• [Record extracts]:
········

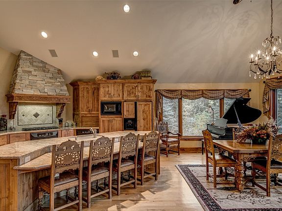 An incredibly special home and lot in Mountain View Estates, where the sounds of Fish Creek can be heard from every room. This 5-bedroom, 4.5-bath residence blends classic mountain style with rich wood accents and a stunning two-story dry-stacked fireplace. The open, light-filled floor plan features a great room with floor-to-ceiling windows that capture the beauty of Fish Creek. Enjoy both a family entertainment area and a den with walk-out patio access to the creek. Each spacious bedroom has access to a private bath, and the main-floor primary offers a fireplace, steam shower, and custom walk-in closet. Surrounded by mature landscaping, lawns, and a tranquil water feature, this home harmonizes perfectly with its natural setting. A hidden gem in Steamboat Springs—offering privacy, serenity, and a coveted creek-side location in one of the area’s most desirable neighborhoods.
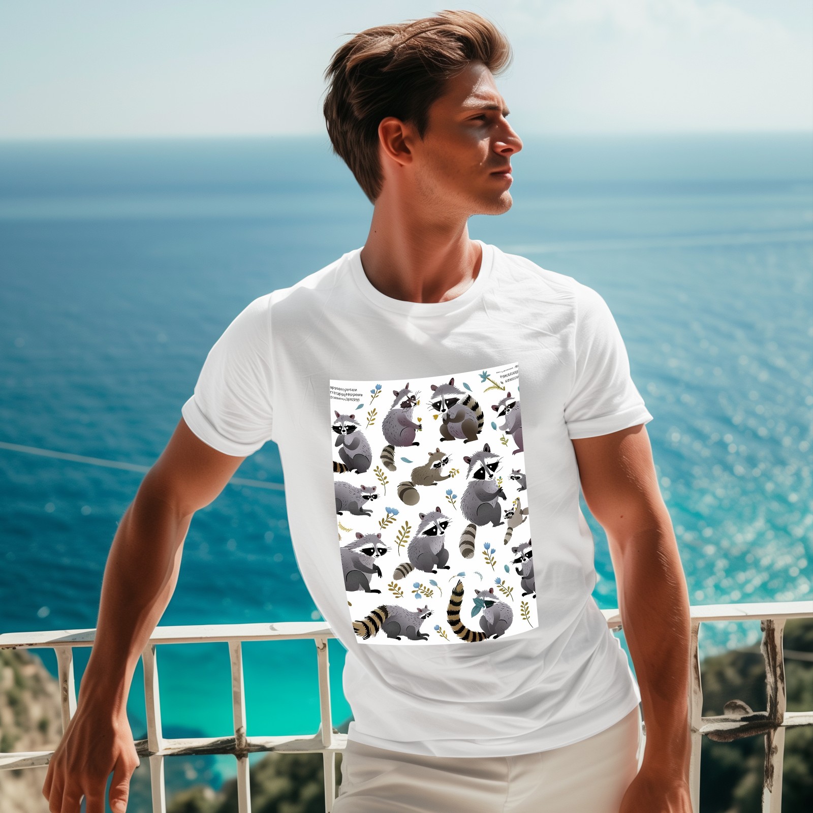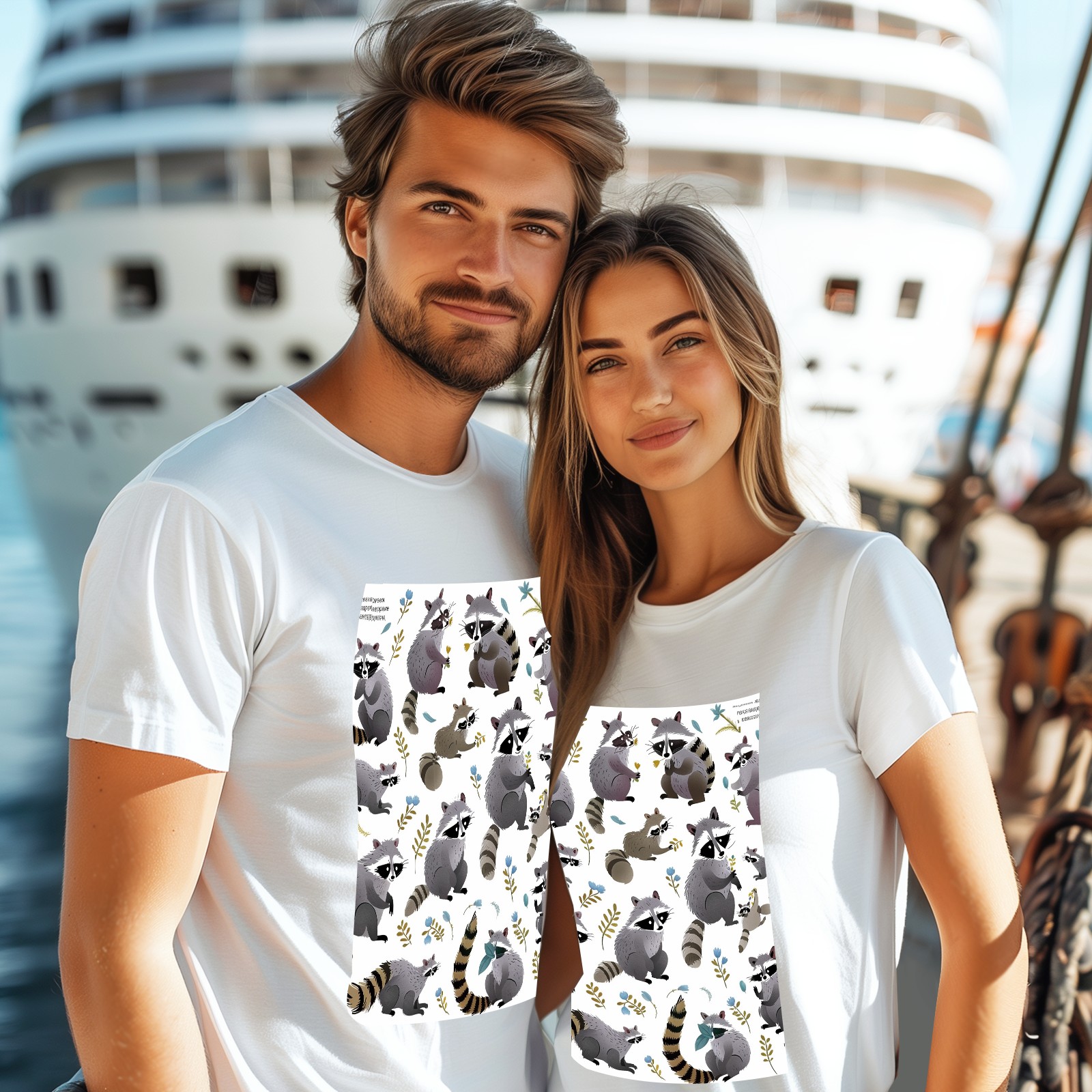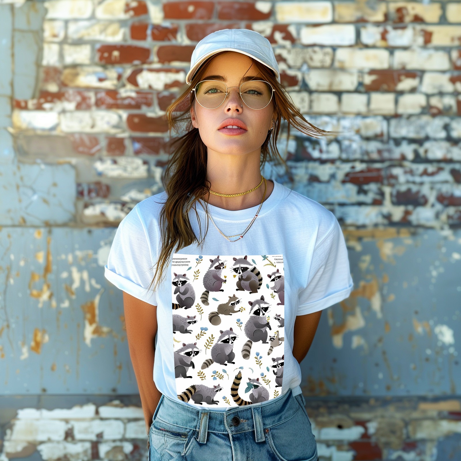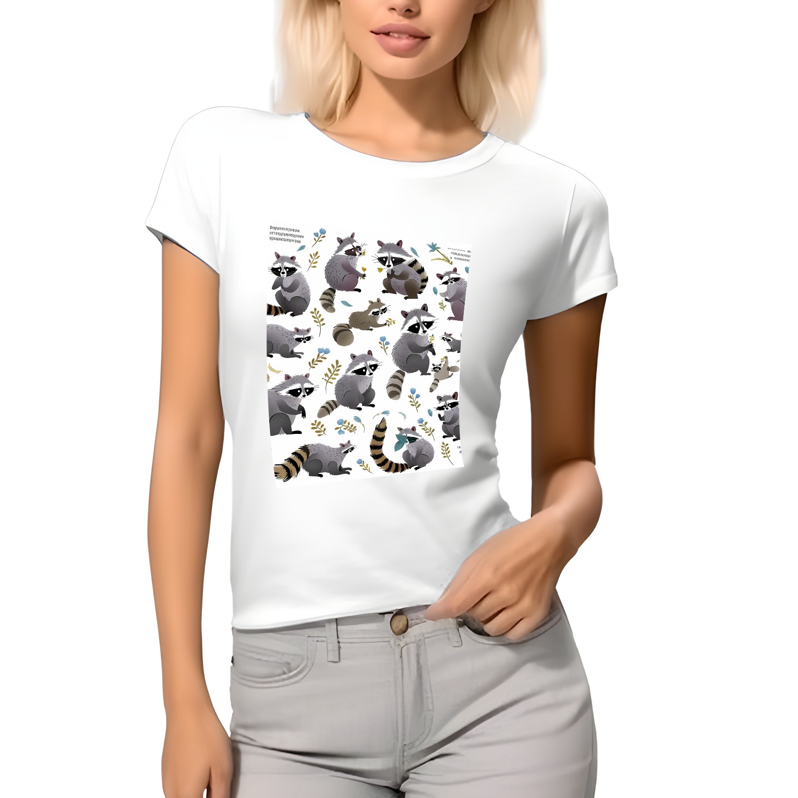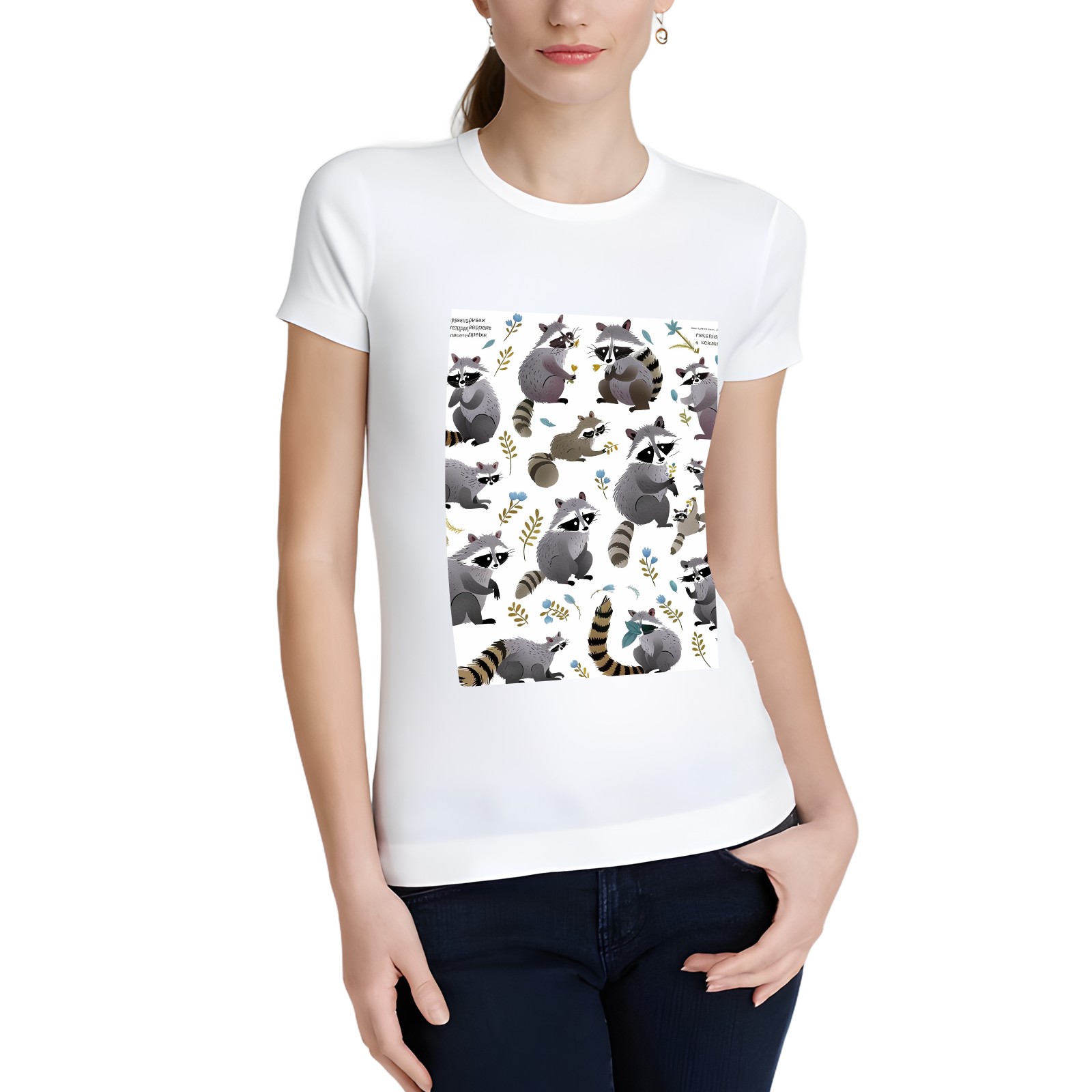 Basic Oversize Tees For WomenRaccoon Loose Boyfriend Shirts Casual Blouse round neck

········

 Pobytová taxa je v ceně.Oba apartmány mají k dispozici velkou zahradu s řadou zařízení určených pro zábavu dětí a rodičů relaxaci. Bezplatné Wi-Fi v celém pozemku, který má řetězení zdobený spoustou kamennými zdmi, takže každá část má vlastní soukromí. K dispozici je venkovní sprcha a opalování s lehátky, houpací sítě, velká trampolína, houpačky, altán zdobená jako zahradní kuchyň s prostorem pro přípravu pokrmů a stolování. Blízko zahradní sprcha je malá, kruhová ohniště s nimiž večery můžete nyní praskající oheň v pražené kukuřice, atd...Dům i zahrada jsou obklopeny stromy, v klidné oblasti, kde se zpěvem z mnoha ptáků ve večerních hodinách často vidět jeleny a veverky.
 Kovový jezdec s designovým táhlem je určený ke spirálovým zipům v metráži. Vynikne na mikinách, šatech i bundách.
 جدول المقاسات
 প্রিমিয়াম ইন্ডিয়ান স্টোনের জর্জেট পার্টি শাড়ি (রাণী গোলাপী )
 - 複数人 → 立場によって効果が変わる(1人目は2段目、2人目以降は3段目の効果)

········

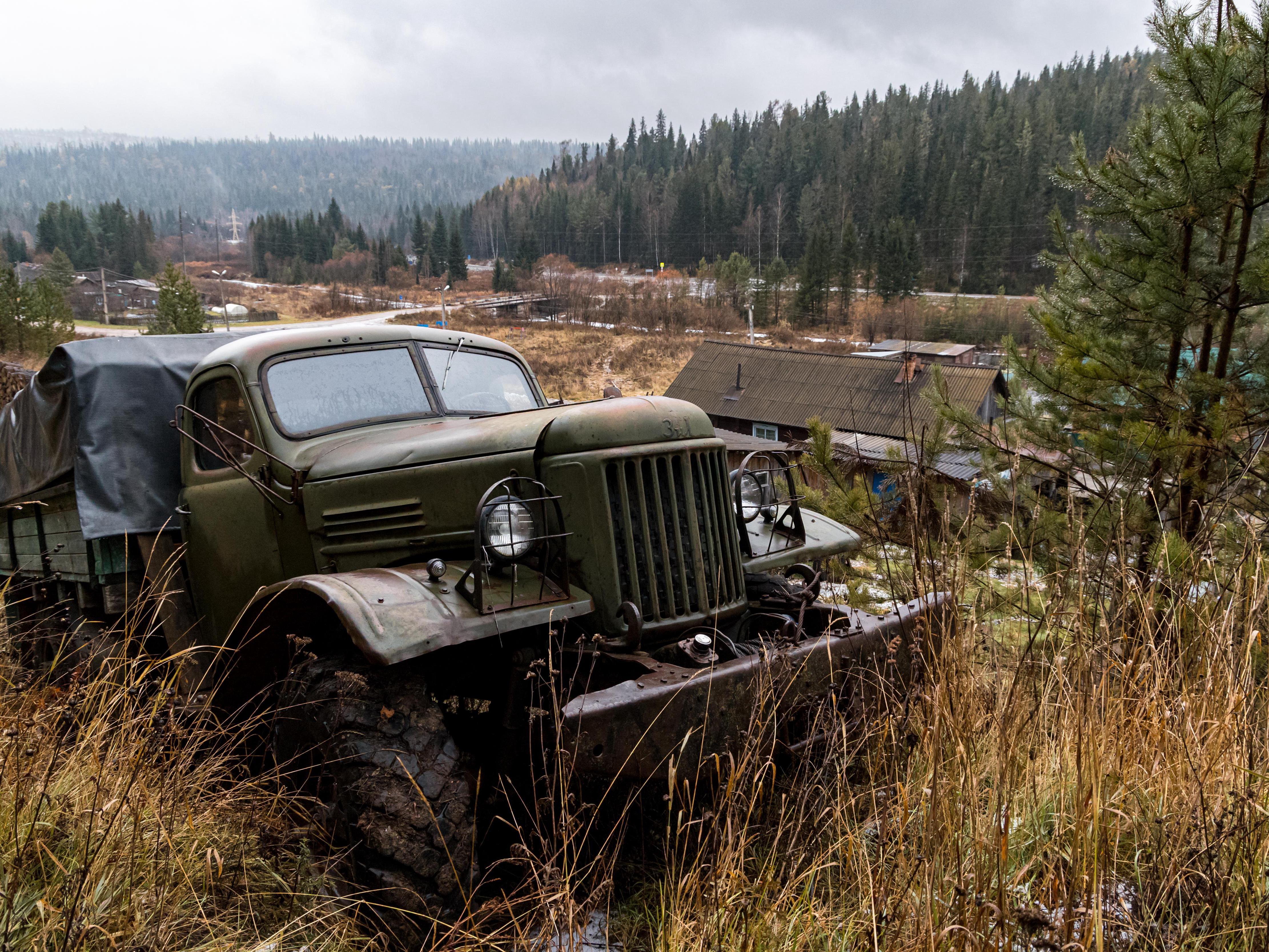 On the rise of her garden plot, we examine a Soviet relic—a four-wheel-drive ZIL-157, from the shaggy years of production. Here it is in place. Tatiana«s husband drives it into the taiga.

········

• [Task statement]: Write down, word for word, the lines above from the one containing "Kovový jezdec s" through the one containing "- 複数人 → 立場によって効果が変わる(1人目は2段目、2人目以降は3段目の効果)", both ends included.

• [Answer to the problem]:
 Kovový jezdec s designovým táhlem je určený ke spirálovým zipům v metráži. Vynikne na mikinách, šatech i bundách.
 جدول المقاسات
 প্রিমিয়াম ইন্ডিয়ান স্টোনের জর্জেট পার্টি শাড়ি (রাণী গোলাপী )
 - 複数人 → 立場によって効果が変わる(1人目は2段目、2人目以降は3段目の効果)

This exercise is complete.